In July, temperatures can range from 30 C during the day, to -5 C at night.

==Plants and animals==
The area is ecologically clean and rich in wild plants, many of which are medicinal. Rare local plants include: apricot, ili barberry, hawthorn, and Alberta iris. In the entire area of the Kolsay lakes, in coniferous forests after heavy rains, various mushrooms appear.

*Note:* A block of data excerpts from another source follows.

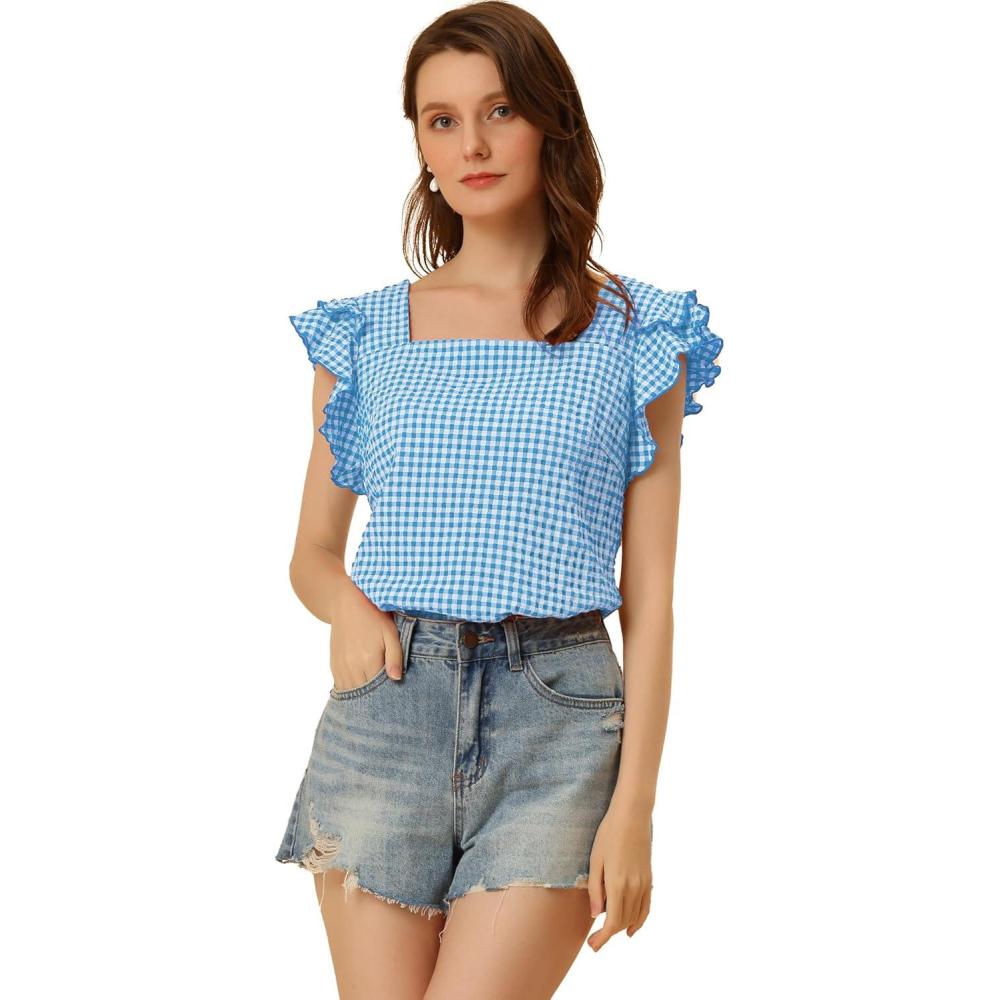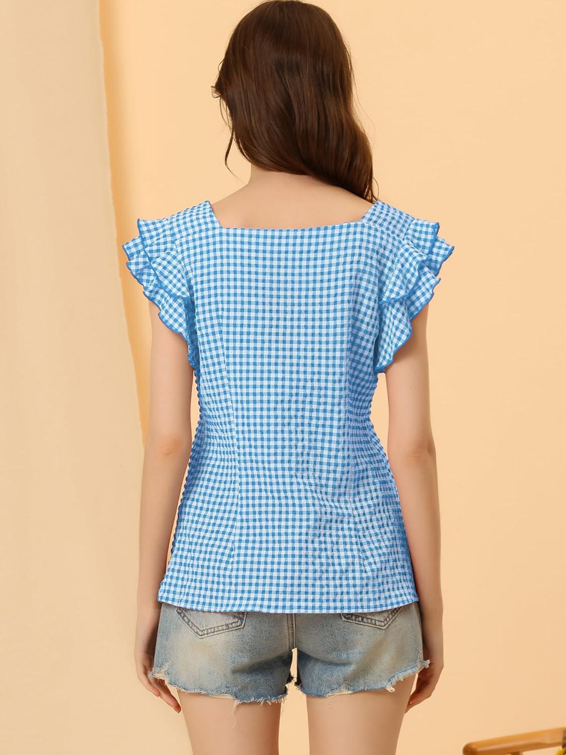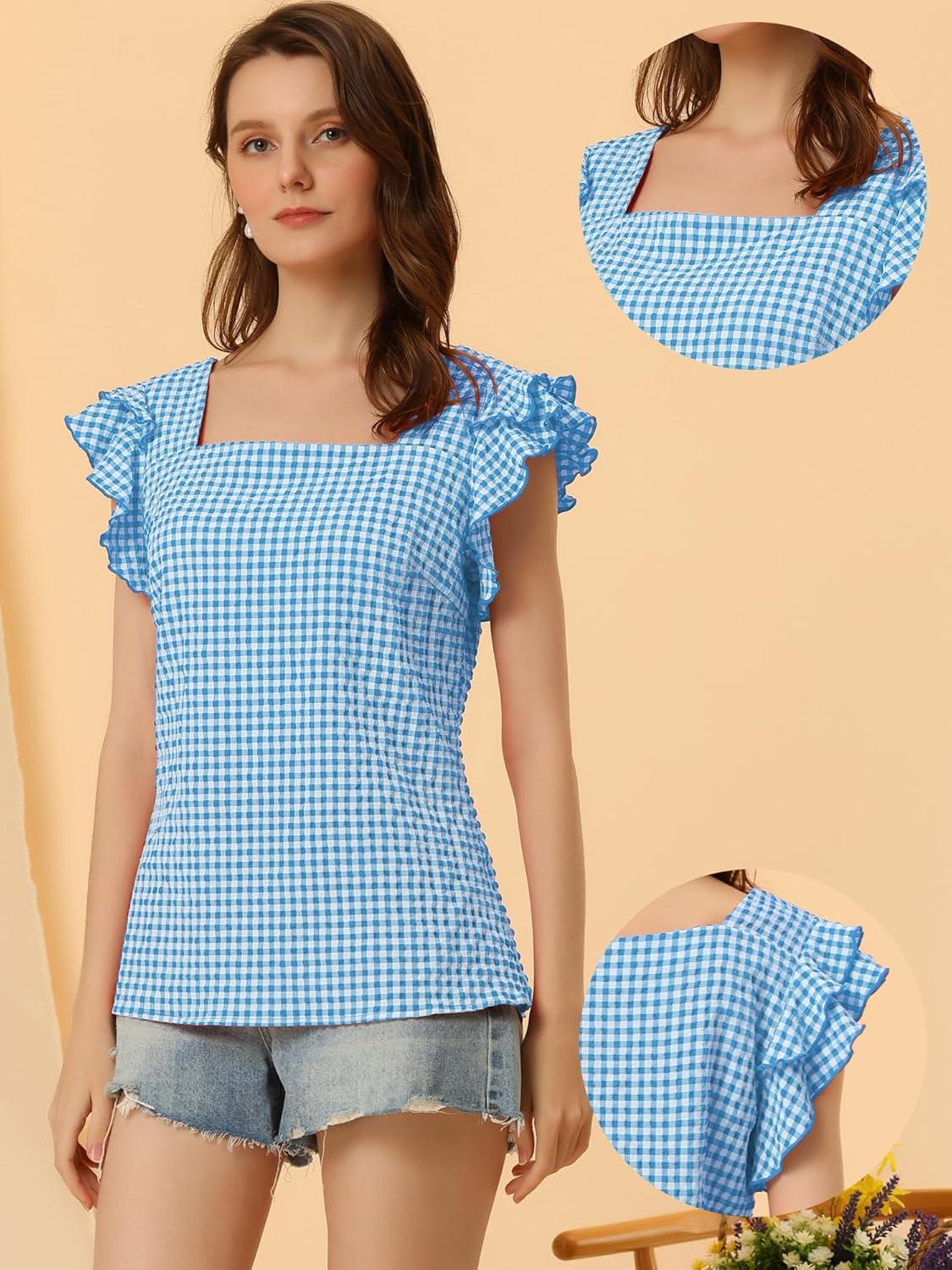 Allegra K Summer Gingham Tops for Women’s Square Neck Ruffle Cap Sleeve Blouses(Lake Blue)
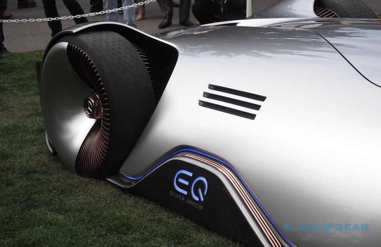 5.3 meters long, the EQ Silver Arrow promises even more speed. The carbon fiber body's style is Flash Gordon meets Cylon warrior, with sinuous curves flowing around the wheels yet leaving plenty of gaps through which the custom Pirelli rubber – with its unique star embossing – can be viewed.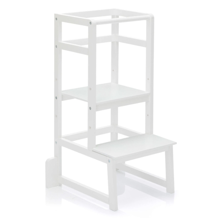 Nem csak ránézésre szép és modern, de egyszerû kialakításával minden lakókörnyezetbe tökéletesen illeszkedik és rendkívül stabil, és oldalsó támaszaival valamint masszív felépítésével kiváló védelmet nyújt a felborulás ellen. Mivel kicsikéink olyan gyorsan nõnek, így az alaplap magassága is tökéletesen állítható a gyermek pillanatnyi magasságához. Amint elsajátították a felfelé vezetõ utat, a kerek rúd a tartásra és természetesen a kiesés elleni védelemre szolgál. Így gyermekünk bárhol segíthet, legyen szó fõzésrõl, sütésrõl vagy akár fogmosásról, ez a torony ideális segítõ, amikor a lábak rövidnek tûnnek. A szülõkkel vagy idõsebb testvérekkel szemmagasságban való játék és tanulás segít a gyermeknek abban, hogy nagyon gyorsan megtapasztalja a szociális interakciókat, fejleszti készségeit, és segít megerõsíteni az egymás közötti kötõdést.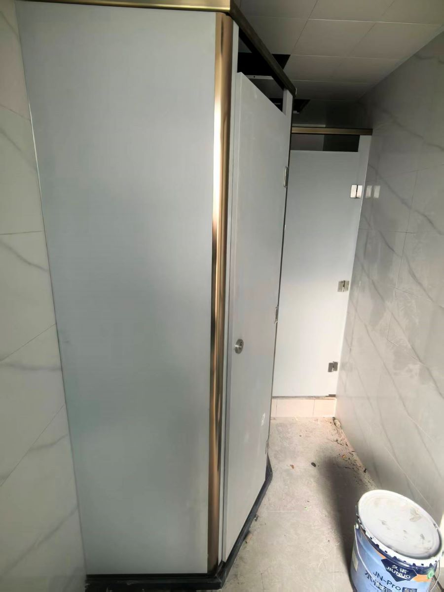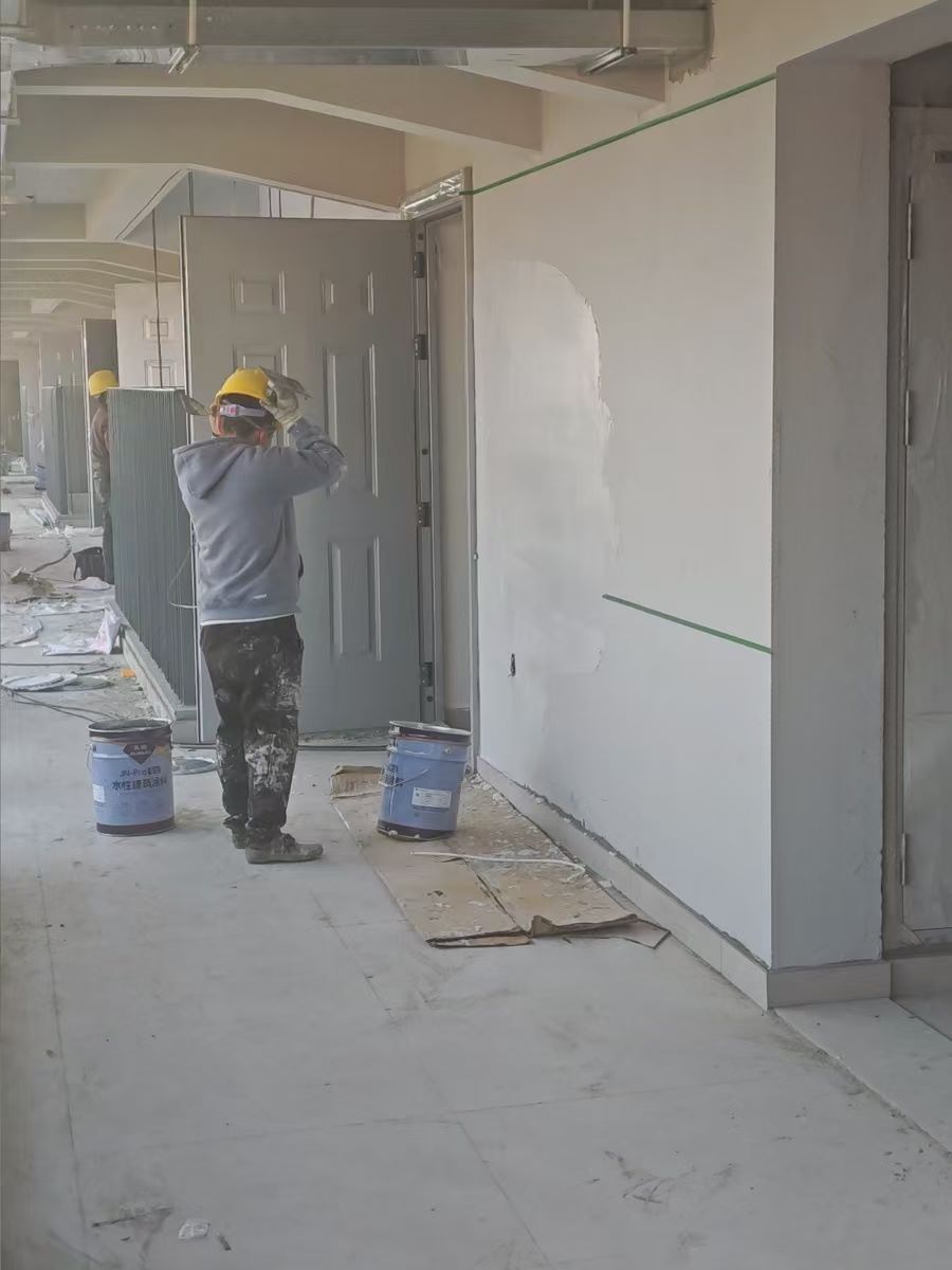 3.10号宿舍楼:卫生间隔断完成至七层;阳台内侧饰面造型完成50%。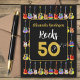 Add a name to the modern typography template ‘Alexander Rocks 50’ and create the perfect personalised rock and roll 50th birthday black and gold cool guitar budget greetings card. This funky psychedelic guitar pattern includes electric guitars with Fire flame pattern and red pick guard, multicolored semi acoustic guitars and psychedelic classic acoustic guitar art. Colourful musical instrument illustrations to celebrate fifty in rock n roll style, ideal for a guitarist, musician and music lovers. Any guitar player will tell you that you can never have too many guitars. This cool modern musical instrument design celebrates the music energy of this wonderful musical instrument and is the perfect way to rock a fiftieth birthday celebration. Original artwork by artist Catherine Sweetman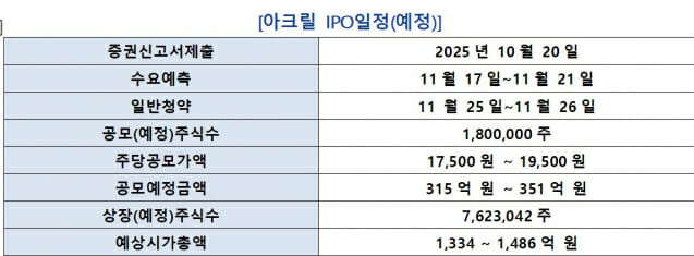 21일 아크릴에 따르면, 이번 상장을 통해 이 회사는 총 180만 주를 공모할 예정이다. 희망 공모가 밴드는 1만7500원~1만9500원이다. 총 공모 예정금액은 315억 원~351억 원 규모다. 오는 11월 기관투자자 대상 수요예측과 일반 청약을 거쳐 연내 상장을 목표로 하고 있다.

Scientists have recorded 704 species of plants in the park (12 of which are classified as rare). For animals, the park has recorded 50 species of mammals, 197 species of birds, 2 species of reptiles, 2 species of amphibian (green toad and süyirtumsıq frog), and 2 species of fish (rainbow trout and Tibetan bare kökbas). Six mammals found in the park are classified as rare in Kazakhstan, including the Tian Shen brown bear (U. a. isabellinus), Central Asian river kamşatı, Turkestan lynx, Snow leopard, Tien Shan argali, and the stone marten.

==Tourism==
There are guest-houses and campsites in the nearby village of Saty. There is a 25 km hiking route that begins at the lower lake, progresses by the Kolsay lakes, and moves over the Sary-Bulak pass (3,278 m). The route takes three days by foot, or one day by horse. Kolsay Lakes are a popular mountain tourism destination in the region. Hiking trails to Kolsay Lakes are relatively accessible for beginners. Popular activities in the area include picnics, horse riding, and mountain biking. April to late September are standard periods for camping in the area.